Task: Can you write out every line from the start of the records below through the line containing "Boots on boots", leaving out any pictures?

(Stored entries)
====
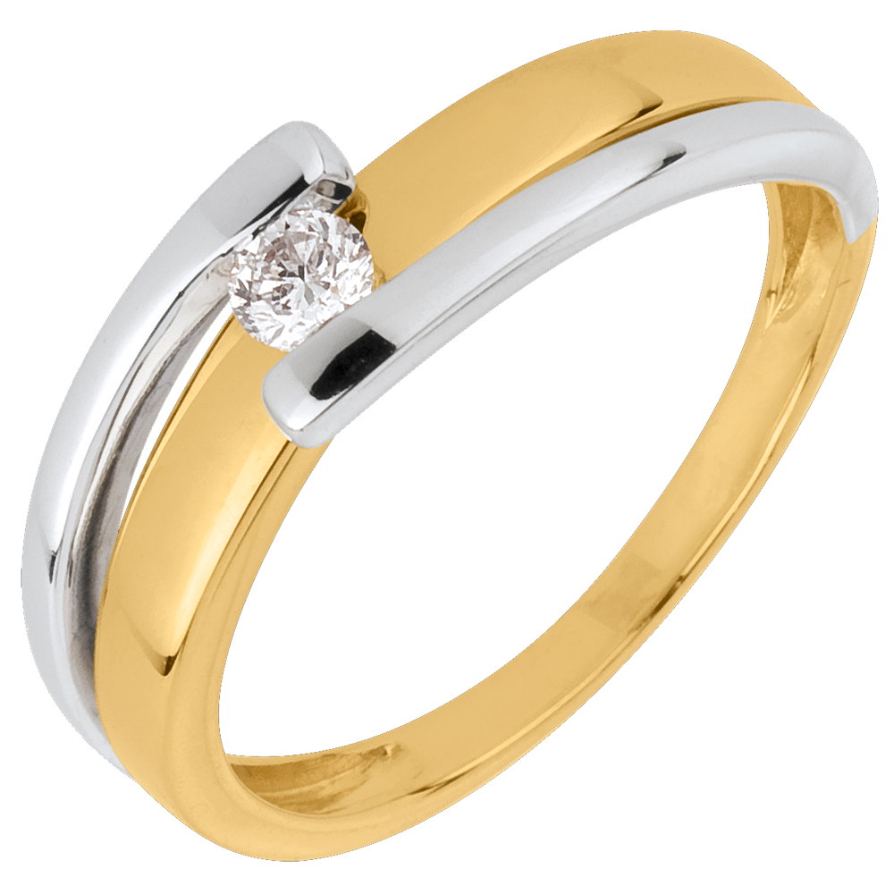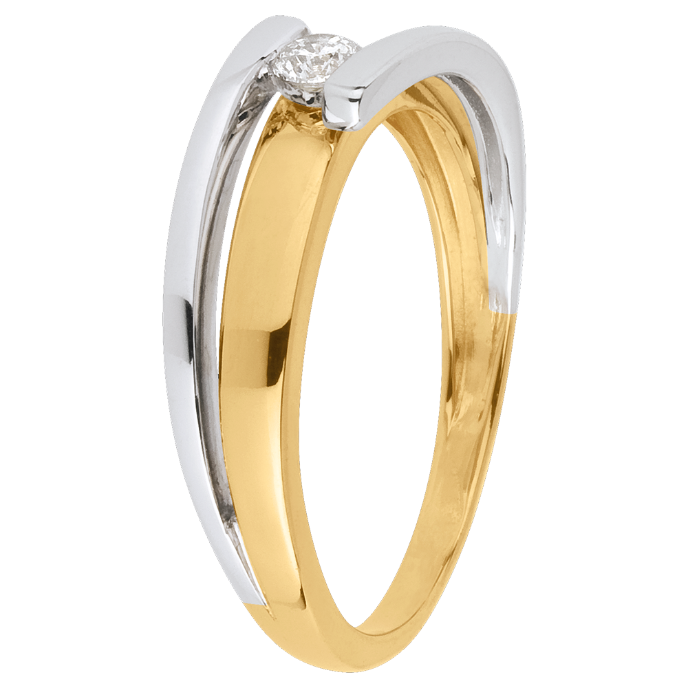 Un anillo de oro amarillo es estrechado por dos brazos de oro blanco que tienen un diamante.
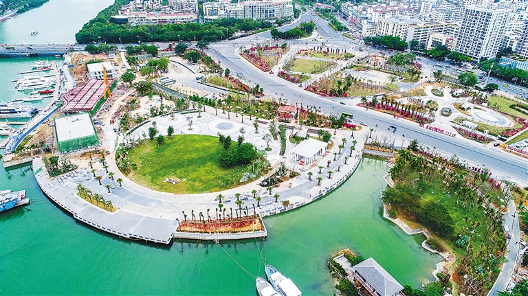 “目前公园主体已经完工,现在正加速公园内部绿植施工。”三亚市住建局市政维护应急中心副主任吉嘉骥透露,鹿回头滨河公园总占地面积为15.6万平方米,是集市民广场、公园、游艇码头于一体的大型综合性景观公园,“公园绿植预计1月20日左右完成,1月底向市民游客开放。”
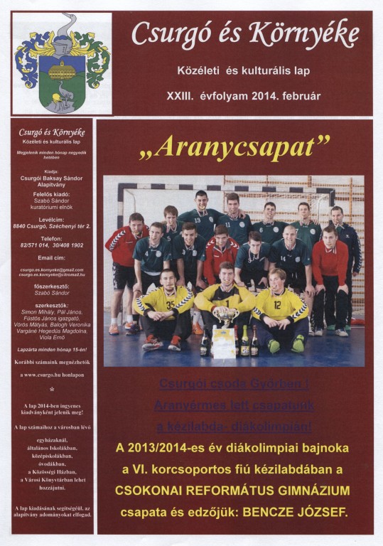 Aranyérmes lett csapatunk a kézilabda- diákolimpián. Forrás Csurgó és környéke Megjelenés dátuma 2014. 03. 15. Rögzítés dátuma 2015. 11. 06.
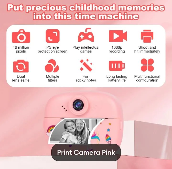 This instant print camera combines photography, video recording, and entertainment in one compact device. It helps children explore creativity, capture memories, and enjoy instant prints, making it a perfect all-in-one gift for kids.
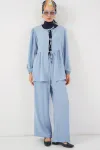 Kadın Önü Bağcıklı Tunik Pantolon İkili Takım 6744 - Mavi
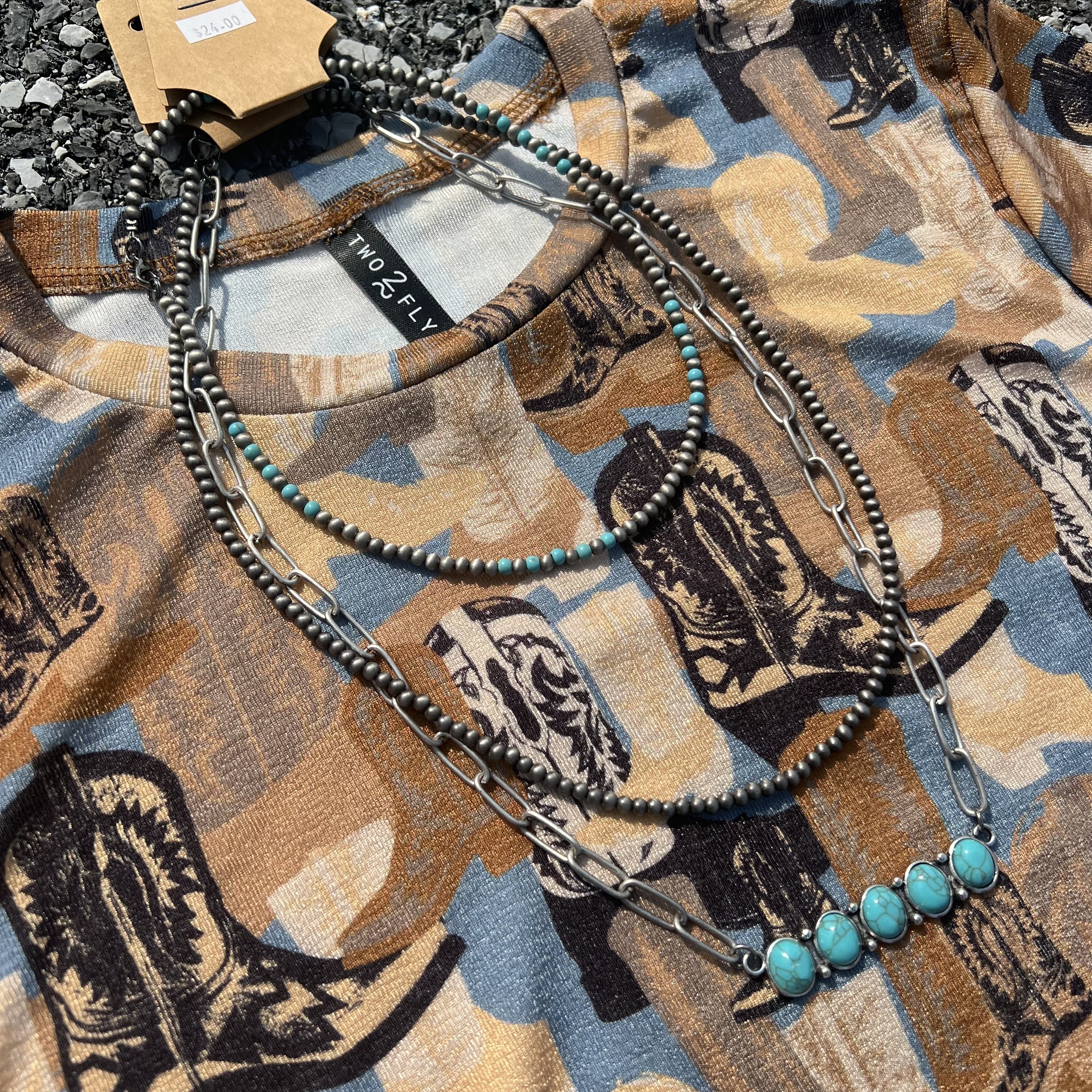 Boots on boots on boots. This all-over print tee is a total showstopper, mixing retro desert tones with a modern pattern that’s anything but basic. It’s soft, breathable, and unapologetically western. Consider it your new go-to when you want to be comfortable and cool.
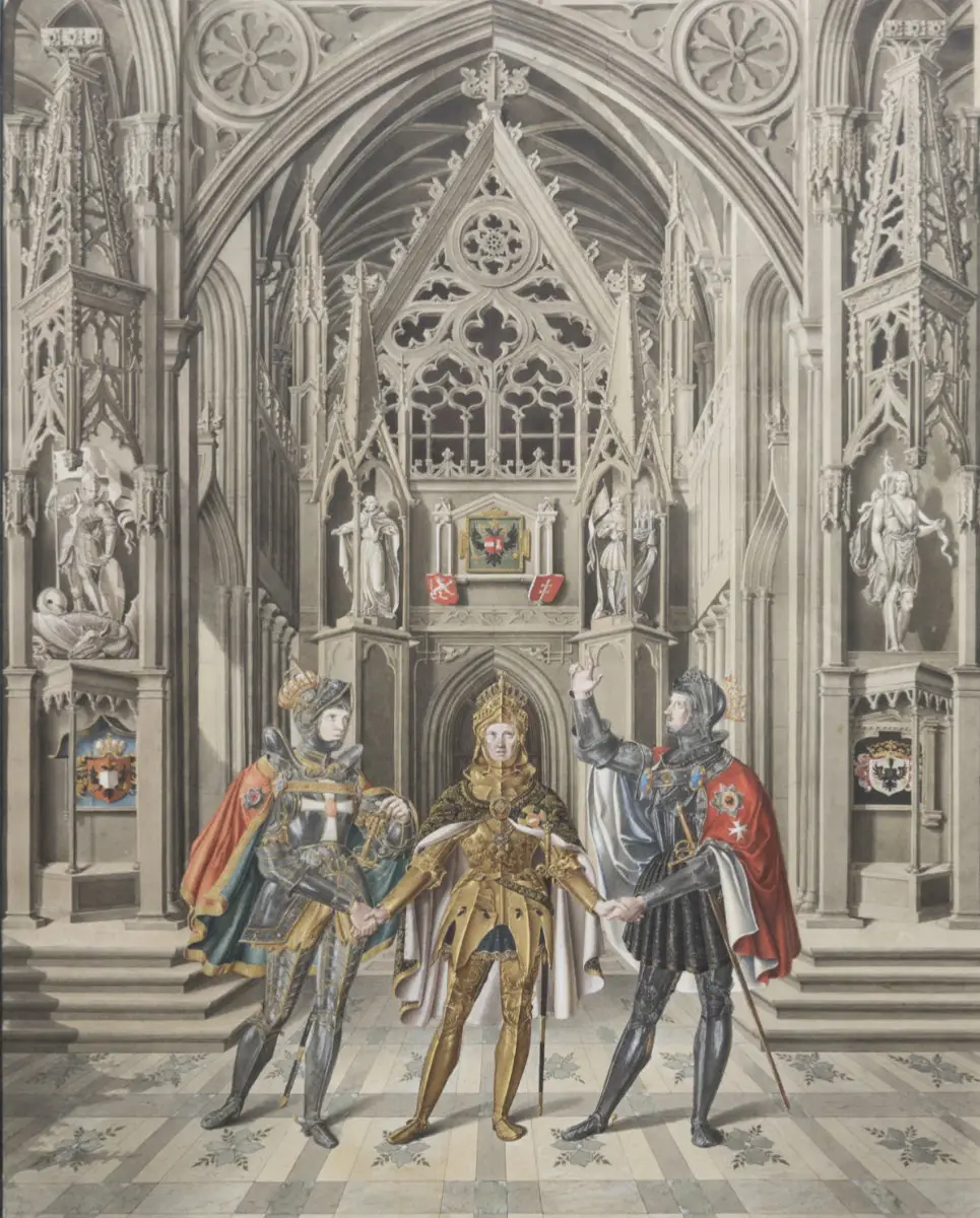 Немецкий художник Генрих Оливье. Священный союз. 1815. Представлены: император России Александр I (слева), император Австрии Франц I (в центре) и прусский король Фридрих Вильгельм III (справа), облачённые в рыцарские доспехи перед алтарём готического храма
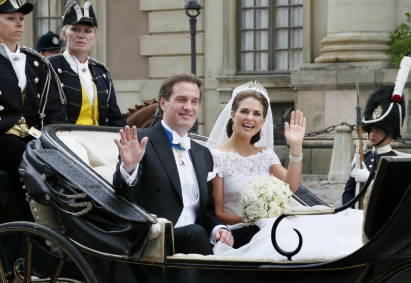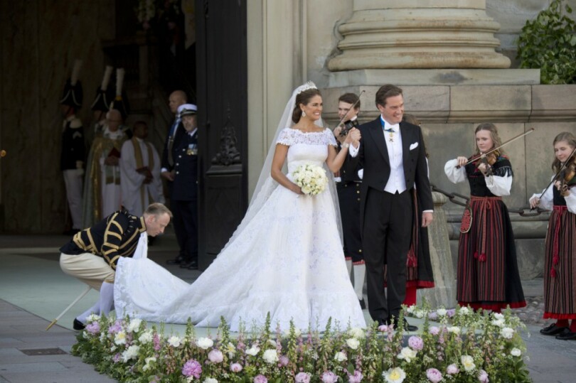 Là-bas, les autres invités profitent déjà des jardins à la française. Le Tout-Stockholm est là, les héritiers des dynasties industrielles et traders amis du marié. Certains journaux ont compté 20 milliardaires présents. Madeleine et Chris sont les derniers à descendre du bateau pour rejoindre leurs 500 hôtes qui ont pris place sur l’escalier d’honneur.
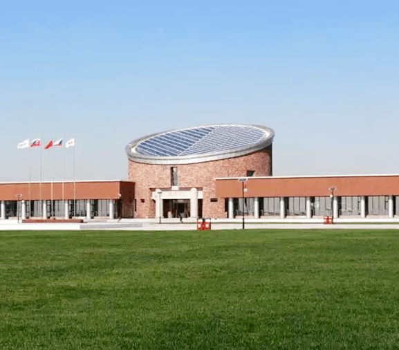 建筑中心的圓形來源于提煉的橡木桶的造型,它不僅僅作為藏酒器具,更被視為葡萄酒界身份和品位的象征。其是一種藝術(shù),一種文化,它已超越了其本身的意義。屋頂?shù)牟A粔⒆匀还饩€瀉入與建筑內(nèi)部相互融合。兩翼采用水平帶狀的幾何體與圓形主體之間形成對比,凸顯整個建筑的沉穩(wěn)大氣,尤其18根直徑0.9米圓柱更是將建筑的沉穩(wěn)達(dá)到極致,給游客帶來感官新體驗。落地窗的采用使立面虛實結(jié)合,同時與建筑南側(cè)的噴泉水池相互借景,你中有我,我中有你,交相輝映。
====
Solution to the exercise:
 Un anillo de oro amarillo es estrechado por dos brazos de oro blanco que tienen un diamante.
 “目前公园主体已经完工,现在正加速公园内部绿植施工。”三亚市住建局市政维护应急中心副主任吉嘉骥透露,鹿回头滨河公园总占地面积为15.6万平方米,是集市民广场、公园、游艇码头于一体的大型综合性景观公园,“公园绿植预计1月20日左右完成,1月底向市民游客开放。”
 Aranyérmes lett csapatunk a kézilabda- diákolimpián. Forrás Csurgó és környéke Megjelenés dátuma 2014. 03. 15. Rögzítés dátuma 2015. 11. 06.
 This instant print camera combines photography, video recording, and entertainment in one compact device. It helps children explore creativity, capture memories, and enjoy instant prints, making it a perfect all-in-one gift for kids.
 Kadın Önü Bağcıklı Tunik Pantolon İkili Takım 6744 - Mavi
 Boots on boots on boots. This all-over print tee is a total showstopper, mixing retro desert tones with a modern pattern that’s anything but basic. It’s soft, breathable, and unapologetically western. Consider it your new go-to when you want to be comfortable and cool.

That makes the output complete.